» About this task:
The lines to be extracted begin at the line containing "Магазин-склад по адресу" and end at the last line of the data below; copy them exactly and leave out the pictures.

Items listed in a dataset
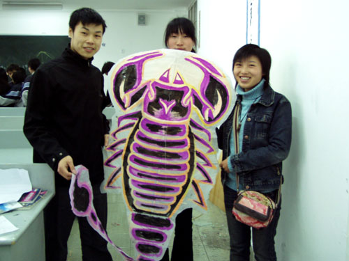 3月30日下午,紧张激烈的“风筝制作大赛”拉开序幕。比赛中,同学们充分发挥艺术专业特长,讲究创新创意,赋予风筝以丰富的文化内涵。不一会儿,同学们自己研制设计的形式各异的风筝就展现在面前,有色彩斑斓的抽象画,栩栩如生的蝎子老鹰,俏皮可爱的卡通人物,也有温文儒雅的诗词……这些风筝作品无不体现着同学们深厚的艺术功底,独特的设计理念。
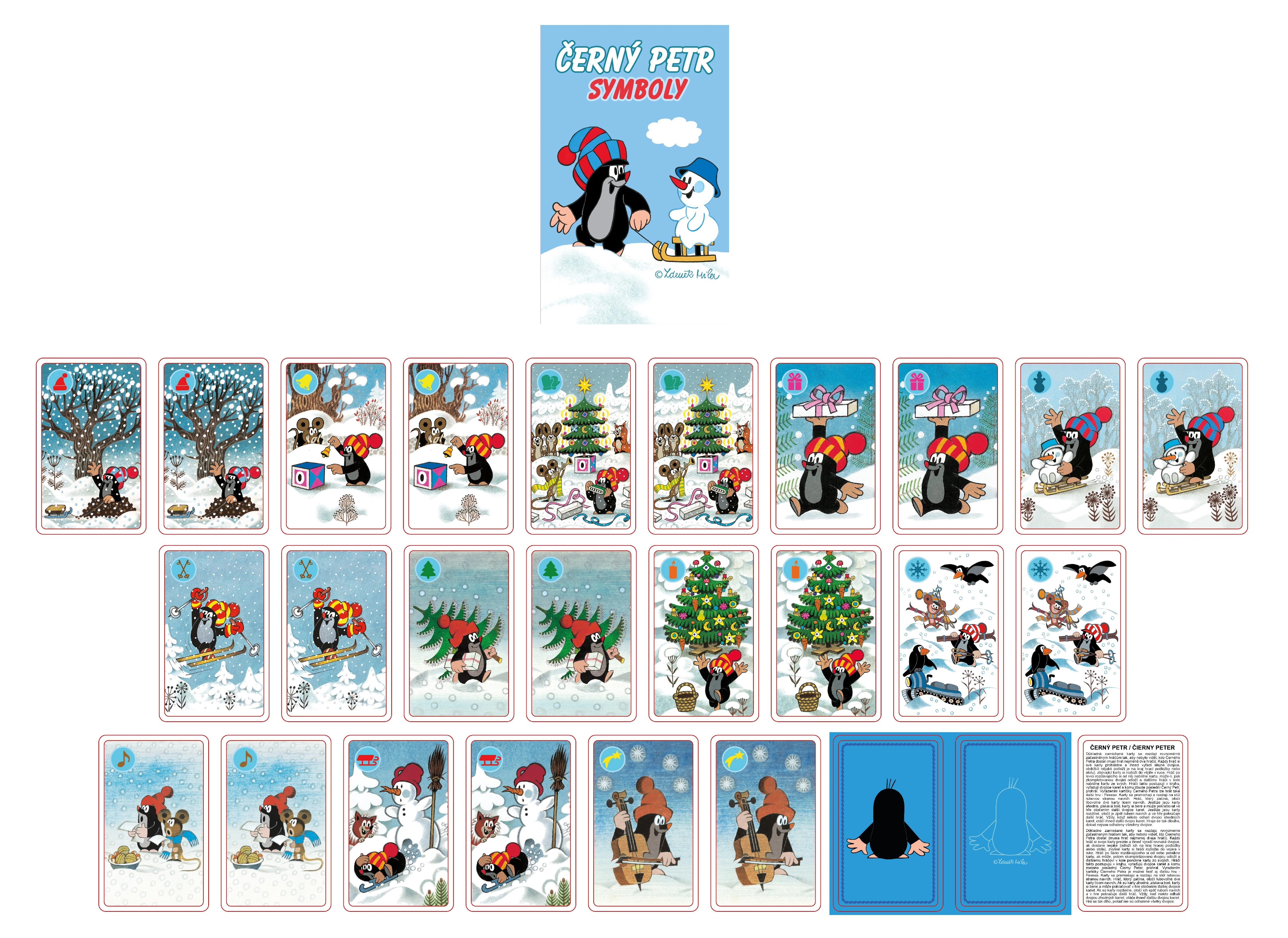 Черният Петър със символни мотиви е непреходна социална игра, която ще харесат както деца, така и възрастни. Благодарение на простите правила ще я научите за миг и можете веднага да започнете да играете. Компактната опаковка с карти с размер 10,5 × 6,5 × 1,5 cm се побира в раница или чанта – идеална за екскурзии, почивка или за бързо забавление у дома.
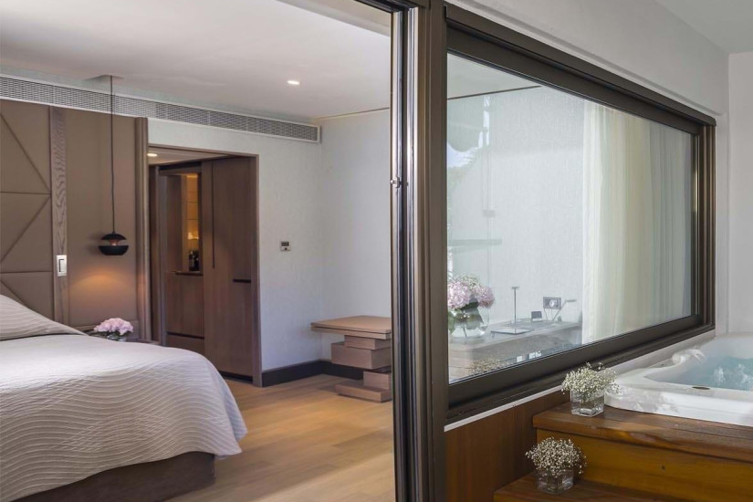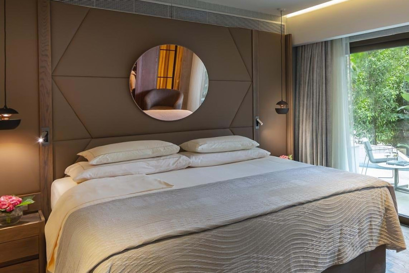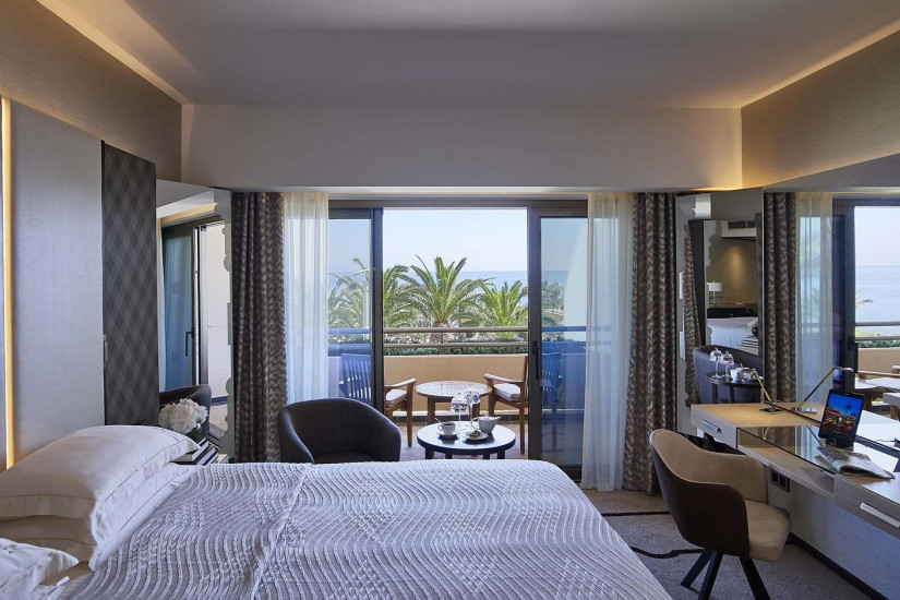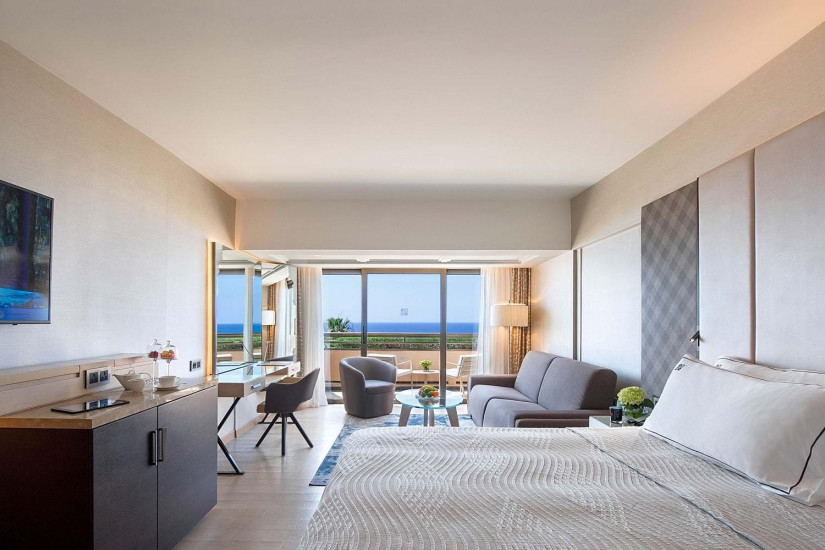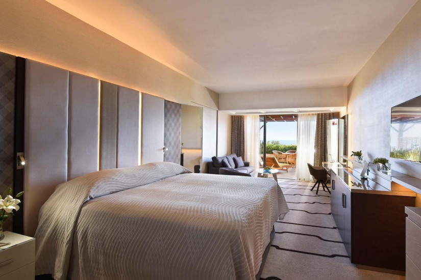 - 39 м2. Состоит из спальни с кроватью king-size или двумя кроватями twin и зоной отдыха с диваном, ванной комнаты с ванной и душем, террасы с зоной отдыха и видом на море. Номера расположены на 1 этаже в главном корпусе. Максимальное размещение – 2 взрослых + 2 ребенка.
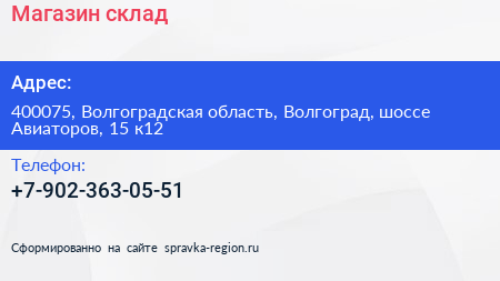 Магазин-склад по адресу 400075, Волгоградская область, Волгоград, шоссе Авиаторов, 15 к12 в дальнейшем Организация, размещена в следующих категориях:
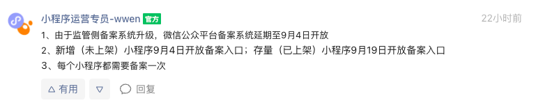 我是9月1号之前注册的小程序,备案入口找不到在哪里
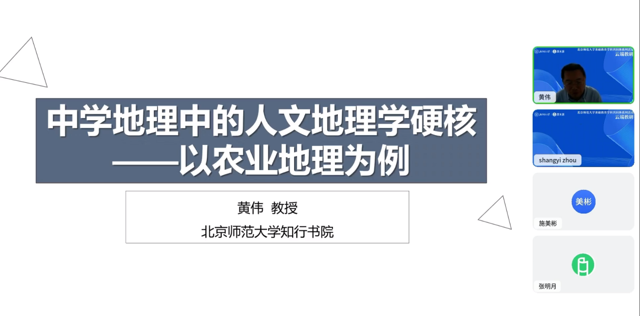 在本次讲座中,黄伟教授阐述了初中农业地理课程的标准内涵与教材内容、区域农业地理的分析框架,以及农业现代化与新时代农业发展新格局三个重要方面。
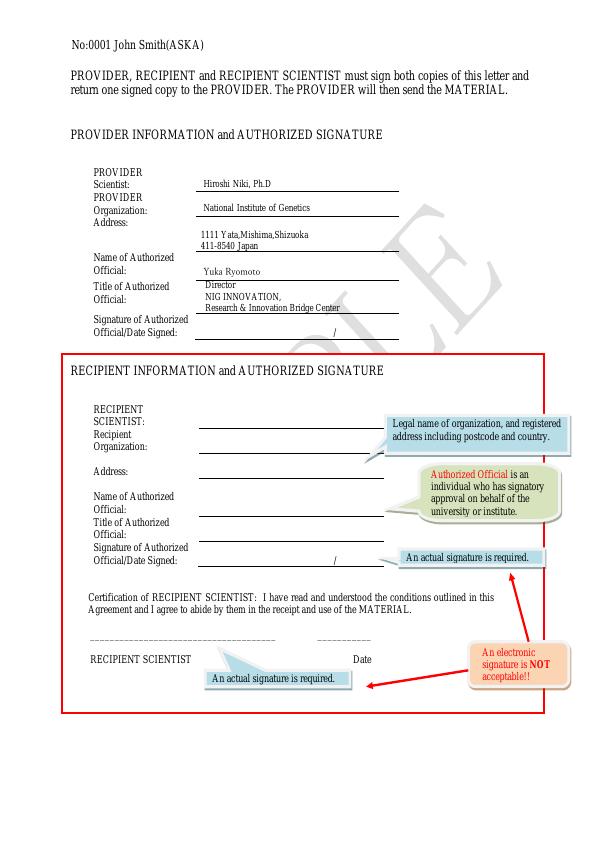 • MTAに関するお問い合わせは TEL: 055-981-5835(国立遺伝学研究所 産学連携・知的財産室)までご連絡下さい。

» Answer for the task:
 Магазин-склад по адресу 400075, Волгоградская область, Волгоград, шоссе Авиаторов, 15 к12 в дальнейшем Организация, размещена в следующих категориях:
 我是9月1号之前注册的小程序,备案入口找不到在哪里
 在本次讲座中,黄伟教授阐述了初中农业地理课程的标准内涵与教材内容、区域农业地理的分析框架,以及农业现代化与新时代农业发展新格局三个重要方面。
 • MTAに関するお問い合わせは TEL: 055-981-5835(国立遺伝学研究所 産学連携・知的財産室)までご連絡下さい。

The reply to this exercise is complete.